Just as MTN’s fortunes are often shaped by Nigeria, its largest business that accounts for a third of earnings, Vodacom’s main business has traditionally been in SA.
In 2022, the last financial year the group operated without Egypt, the SA unit accounted for 73.2% of service revenue and 35% of its then 129.6-million customers. Now Egypt accounts for 23.5% (48.3-million) of the group’s 205.6-million customers, just shy of SA’s 23.9% (49.2-million), as of December 2024.

Unsurprisingly, Egypt was a big topic during the group’s latest quarterly earnings call with investors. During that session, Vodacom group head Shameel Joosub was positive as he highlighted a stabilising of the Egyptian currency.
“Egypt delivered another excellent performance. Service revenue in local currency was up 44.3%, despite lapping a strong comparative period. The result was broad-based, with strong growth in consumer mobile and fixed, business and Vodafone Cash. In December, we received an additional 30% price up across mobile and fixed products.”
This was the third increase of 2024, with additional price increases in January and September, he said.
“We expect that the most recent price adjustment and an ongoing focus on costs provide a healthy outlook for Egypt’s growth into full year 2026. [The] recent stability in currency markets, particularly in Egypt, bodes well for the group’s reported results for the year end.”
“I think the momentum that we’ve got in Egypt continues, and will continue well, given the traffic growth, given the regulatory environments, that bodes very well for the foreseeable future.”
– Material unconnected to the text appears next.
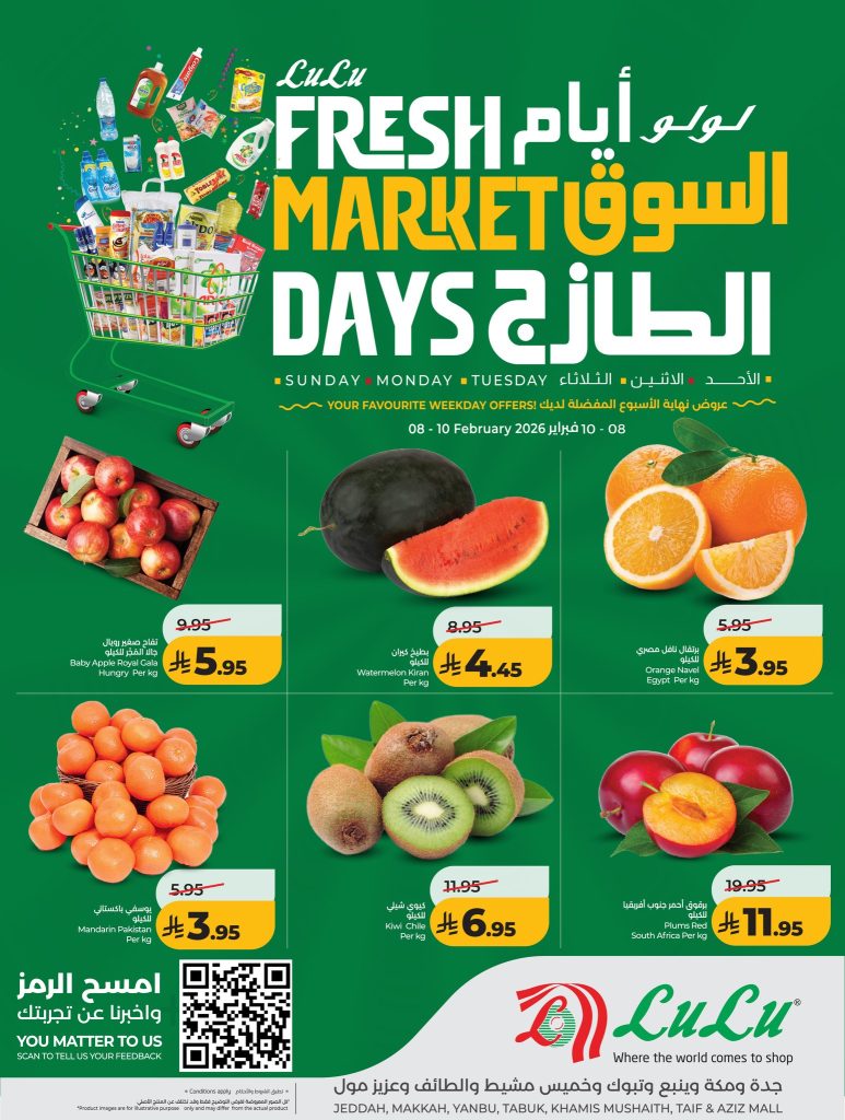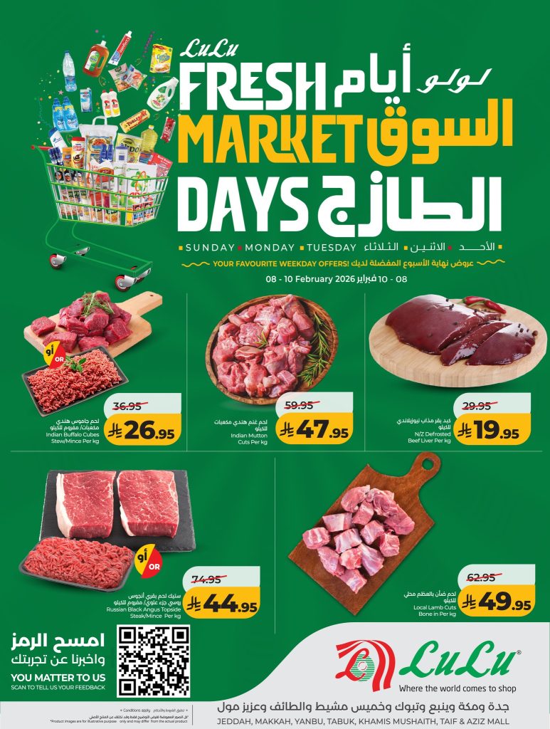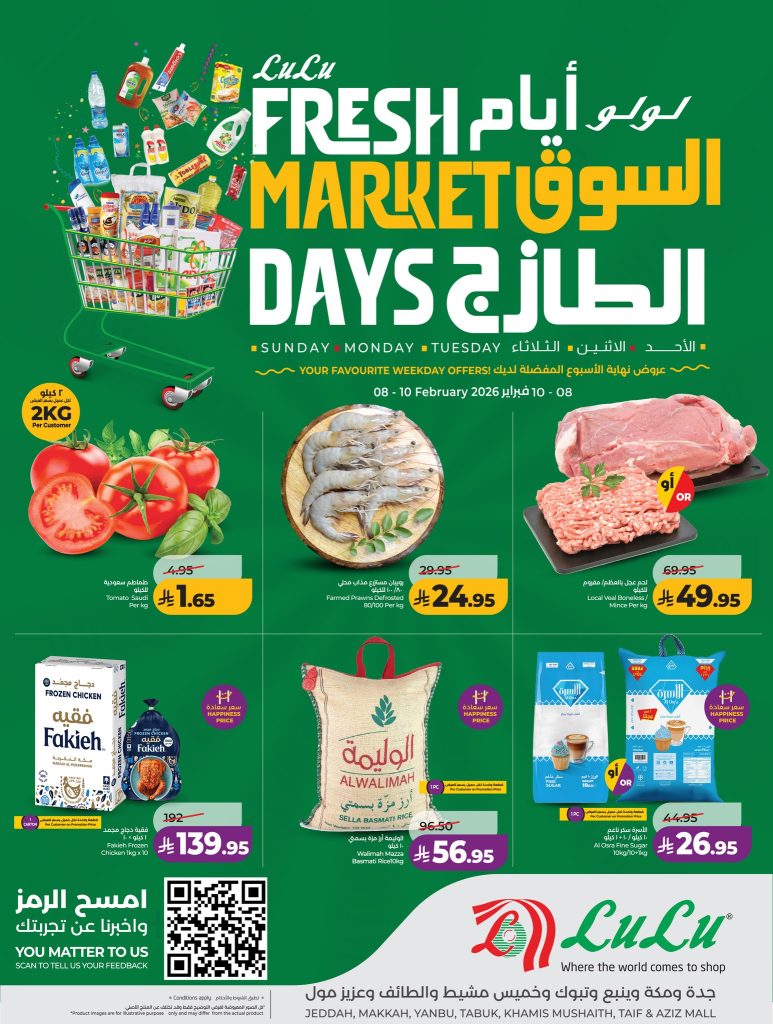 عروض لولو جدة وتبوك اليوم 8 فبراير 2026 _ 20 شعبان 1447 عروض السوق الطازج & العرض الاسبوعي

In February, the group upgraded its medium-term guidance, expecting to grow earnings at least 10% between 2025 and 2030, driven by its international business. It estimates the Egypt business will have about a 20% compound annual growth.
While business is going well in the international market, the group’s ambitions at home in SA have been hampered by competition authorities choosing to block Vodacom and Remgro’s proposed fibre merger through Maziv, a R13bn affair.
On Monday, Vodacom shares closed up 2.97% at R125.14.